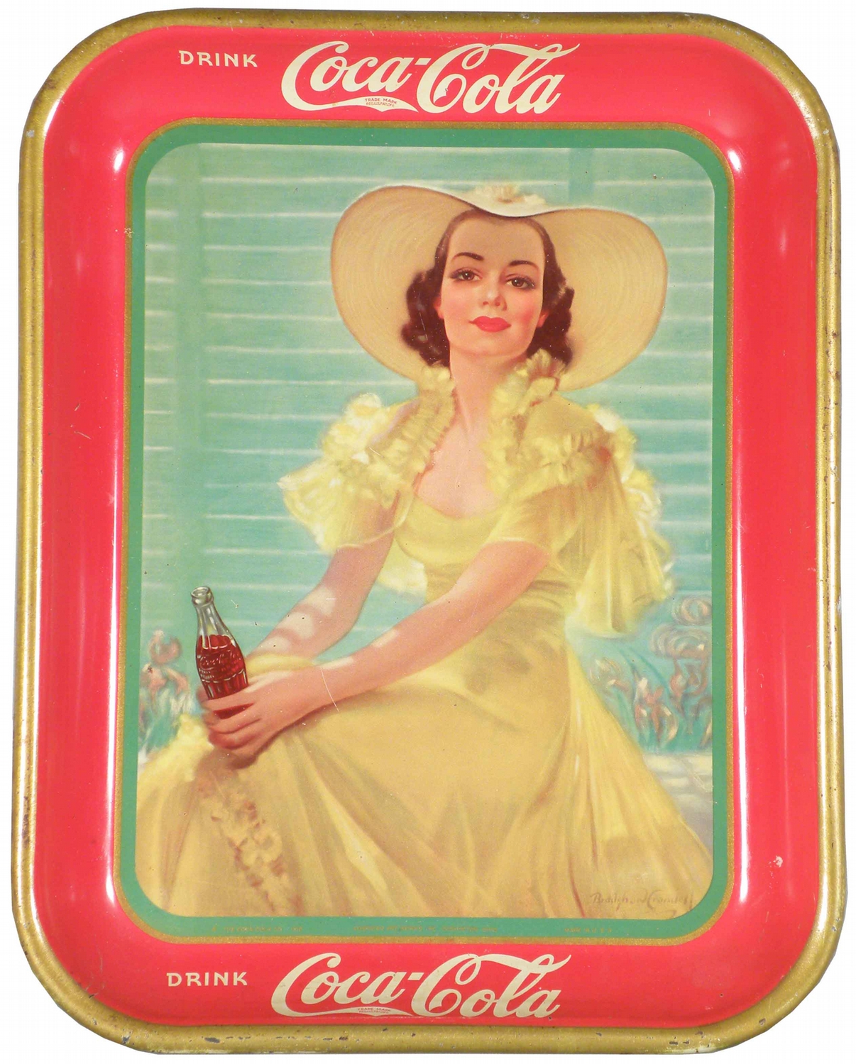 1938 Coca Cola Tin Serving Tray. Image of girl in yellow dress. Some edge ware and light surface scratches otherwise excellent condition. 10 1/2 X 13 inches.
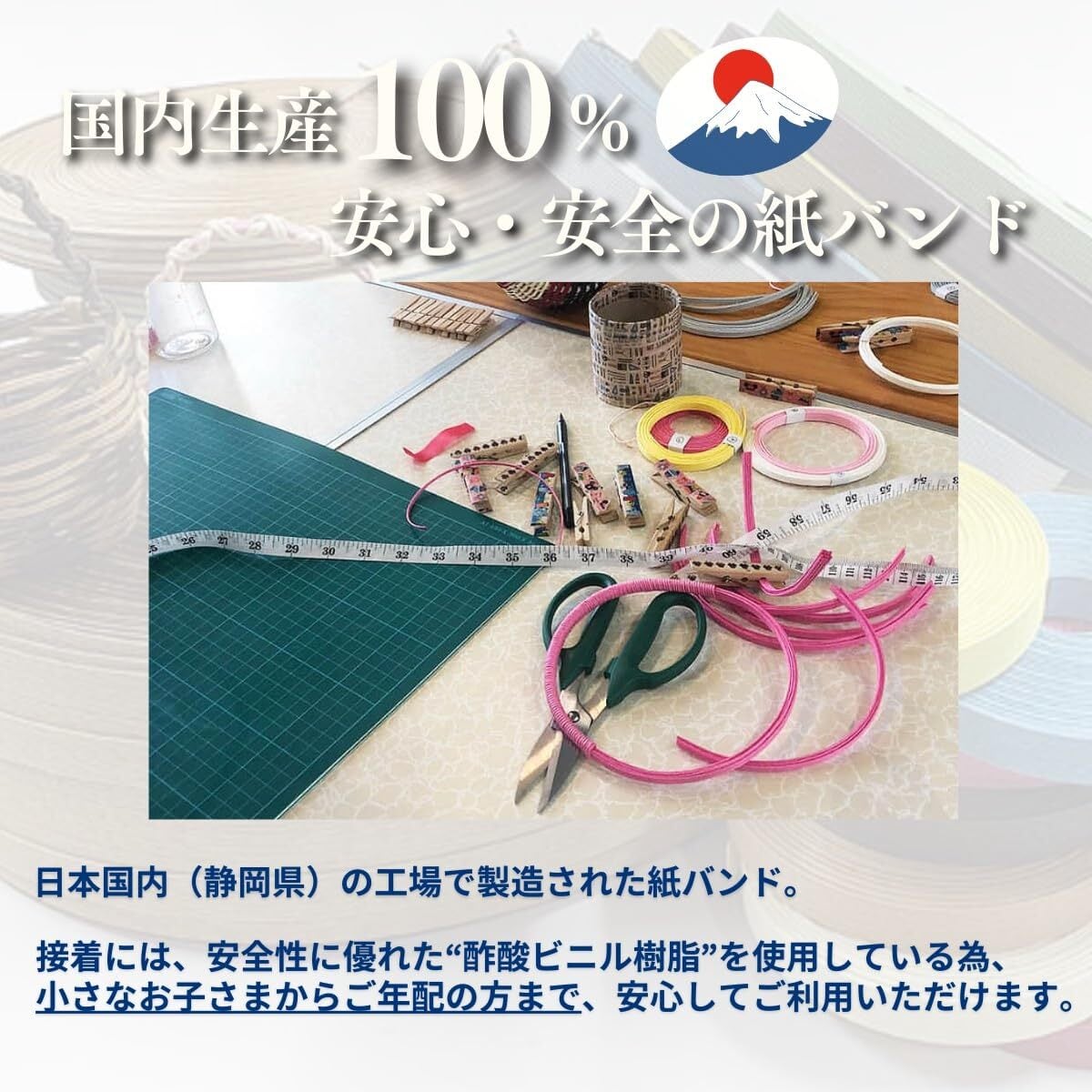手芸用に開発された、バンドクラフトテープのため、 手触りがしなやかで柔軟性に富み、使い勝手がいいことで多くの方からご愛顧いただいています。
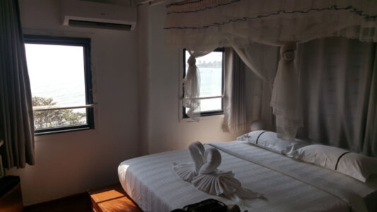 Ich war erleichtert als ich meinen schönen kleinen Bungalow am Hang mit Aussicht aufs Meer bezog 😉
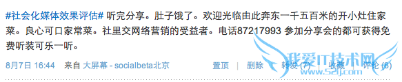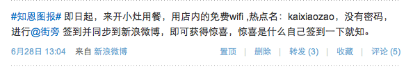 啰啰嗦嗦说了半天,第一次与大家分享一个真实的案例,希望开小灶住家菜能继续善用社交网络营销做到一个十年甚至百年老店,也希望各位研究社交网络的朋友有时间来开小灶用餐,来的时候和服务人员说是看到SocialBeta的文章来的,即可免费获赠可乐一听。关于开小灶的更多故事还请您去关注@开小灶住家菜。
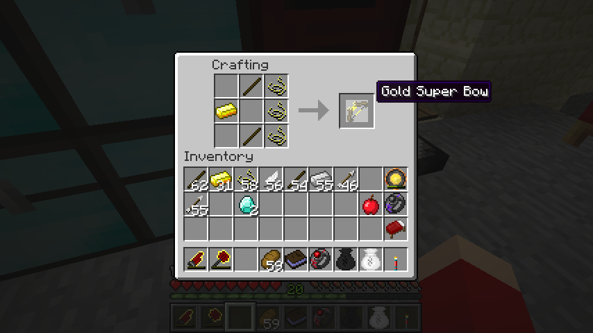 ダイヤモンド、鍛えた棒*2、強化糸*3でダイヤの弓(Diamond Super Bow)。
----------------
§ **Task to complete**: Would you please print only the lines running from the one with "啰啰嗦嗦说了半天,第一次与大" to the final line of the entries above, exactly as written and without pictures?

§ **Solution to this problem**:
 啰啰嗦嗦说了半天,第一次与大家分享一个真实的案例,希望开小灶住家菜能继续善用社交网络营销做到一个十年甚至百年老店,也希望各位研究社交网络的朋友有时间来开小灶用餐,来的时候和服务人员说是看到SocialBeta的文章来的,即可免费获赠可乐一听。关于开小灶的更多故事还请您去关注@开小灶住家菜。
 ダイヤモンド、鍛えた棒*2、強化糸*3でダイヤの弓(Diamond Super Bow)。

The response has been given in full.